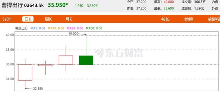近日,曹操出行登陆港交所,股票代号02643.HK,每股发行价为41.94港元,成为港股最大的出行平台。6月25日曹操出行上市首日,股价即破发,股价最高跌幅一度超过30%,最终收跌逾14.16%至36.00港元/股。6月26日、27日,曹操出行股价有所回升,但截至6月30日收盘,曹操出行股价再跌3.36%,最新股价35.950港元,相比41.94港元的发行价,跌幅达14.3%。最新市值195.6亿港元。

---

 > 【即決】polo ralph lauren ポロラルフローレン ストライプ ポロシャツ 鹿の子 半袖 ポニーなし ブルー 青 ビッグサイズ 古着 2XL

...

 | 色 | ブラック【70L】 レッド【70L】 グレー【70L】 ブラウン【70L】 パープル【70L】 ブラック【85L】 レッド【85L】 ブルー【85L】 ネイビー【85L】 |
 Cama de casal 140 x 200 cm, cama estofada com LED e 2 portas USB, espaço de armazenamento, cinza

## AIM OF THE EXERCISE:
Taking the entries above, restate exactly those lines that fall between the line with "ブルー【85L】 ネイビー【85L】 |" and the line with "Cama de casal", keeping both of those lines too.

## FINAL ANSWER:
 | 色 | ブラック【70L】 レッド【70L】 グレー【70L】 ブラウン【70L】 パープル【70L】 ブラック【85L】 レッド【85L】 ブルー【85L】 ネイビー【85L】 |
 Cama de casal 140 x 200 cm, cama estofada com LED e 2 portas USB, espaço de armazenamento, cinza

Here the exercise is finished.